I regularly listen to the BBC World service through my SiriusXM subscription. They often feature longer-form stories, and I feel like I’ve learned a great deal about things in the world that I’d never heard of from them.
So I just had to renew my subscription to The Economist, and it’s up to $650 for a three year subscription (print & digital). That’s double what it was three years ago.
But still, I don’t know a better general new source.
So what about international news: so much of the U.S. media coverage is about hotspots the U.S. is involved in or a big natural disaster: for example when the U.S. was in a war in Iraq or Afghanistan we heard a lot about those countries–now almost nothing.
Though I have issues with their coverage. They are consistently biased against Israel and if you’re going to follow a state owned news source (Qatar in their case), I would rather trust the BBC on non-UK stuff. I don’t buy the BBC as being objective on UK news.
Additionally, Al Jazeera seems to be leaning pro-Russia. To be fair, I suppose a Pro-Russian person can rightfully claim that the BBC is anti-Russian. But of course, I think that is reality and not bias.
Sure, but at least they cover stories that don’t necessarily have a US issue, which is what @PastTense was asking about. Plus, getting other viewpoints is important, to avoid self-selecting one’s news.
For international coverage I feel pretty well informed by:
BBC website
BBC World Service (carried on one of our local NPR stations at 9am on weekdays and 4pm on weekends; can be streamed any time for free)
The Economist, which has a section for each region and also for very large nations like China.
My usual source for breaking news is ABC online, secondarily CBS now that CNN is paywalling a lot of stuff (Reuters earlier did the same; AP and the Guardian have some good coverage but are constantly begging for money, probably a prelude to subscriber-only news). For other national and local news we have online subscriptions to the Boston Globe and our local/regional newspaper.
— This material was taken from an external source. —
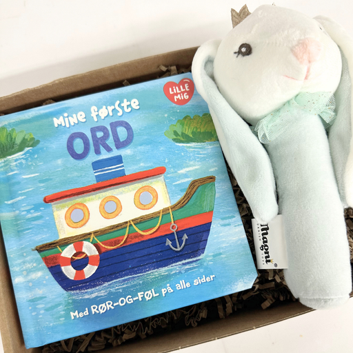 GaestusForkæl det lille nye vidunder med denne sammensatte gave, hvor du finder en sød børnebog og en rangle-bamse. I gaven er der også chokolade til de n...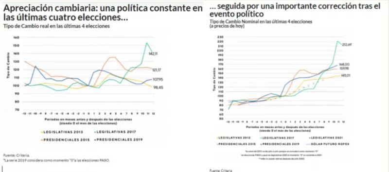 "En las cuatro elecciones anteriores, esa corrección comenzó dentro de los dos meses siguientes. El tipo de cambio nominal tuvo depreciaciones significativas (incluso superiores al 50%) en lapsos muy cortos. De este modo, queda reflejado que los desequilibrios acumulados en la antesala de los comicios tienden, por registro histórico, a descomprimirse una vez realizado el evento", alertaron desde Criteria.

PubMed, the free searchable scientific literature database is a fine source for published research, without the PR hype that accompanies institutional news releases. Generally you only get abstracts from PubMed, but with extra online searching on the title you can often find the complete paper without paying for it. Sources like Nature, Science, Retraction Watch and Science-Based Medicine are useful to consult, as major media are often lousy at accurate science/medicine coverage.